🤖 AI Summary
In cross-institutional, siloed federated learning (FL), participant failures—such as communication disruptions or configuration errors—are frequent, yet their impact on model quality remains poorly understood, especially in small-scale, non-IID settings.
Method: This work presents the first empirical study of the multidimensional impact of participant failures, systematically analyzing three critical factors: failure timing, degree of local data skew, and evaluation bias.

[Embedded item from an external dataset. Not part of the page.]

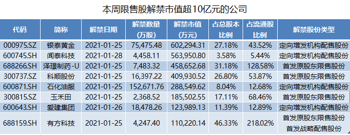 本周限售股解禁数量超过1亿股的上市公司合计有5家,分别为石化油服(600871.SH)、银泰黄金、爱建集团(600643.SH)、科顺股份(300737.SZ)、张家港行(002839.SZ)。

Contribution/Results: We find that failure timing significantly affects convergence behavior and final model performance. Under high data skew, standard evaluation metrics exhibit optimistic bias, obscuring the true extent of model degradation. Crucially, conventional offline evaluation proves unreliable for deployment decisions, often yielding misleading conclusions. Our study provides a reproducible analytical framework and actionable design insights for building robust FL systems—highlighting the need for failure-aware evaluation protocols and adaptive aggregation strategies in heterogeneous, real-world FL deployments.
📝 Abstract
Federated learning (FL) is a new paradigm for training machine learning (ML) models without sharing data. While applying FL in cross-silo scenarios, where organizations collaborate, it is necessary that the FL system is reliable; however, participants can fail due to various reasons (e.g., communication issues or misconfigurations). In order to provide a reliable system, it is necessary to analyze the impact of participant failures. While this problem received attention in cross-device FL where mobile devices with limited resources participate, there is comparatively little research in cross-silo FL.
Therefore, we conduct an extensive study for analyzing the impact of participant failures on the model quality in the context of inter-organizational cross-silo FL with few participants. In our study, we focus on analyzing generally influential factors such as the impact of the timing and the data as well as the impact on the evaluation, which is important for deciding, if the model should be deployed. We show that under high skews the evaluation is optimistic and hides the real impact. Furthermore, we demonstrate that the timing impacts the quality of the trained model. Our results offer insights for researchers and software architects aiming to build robust FL systems.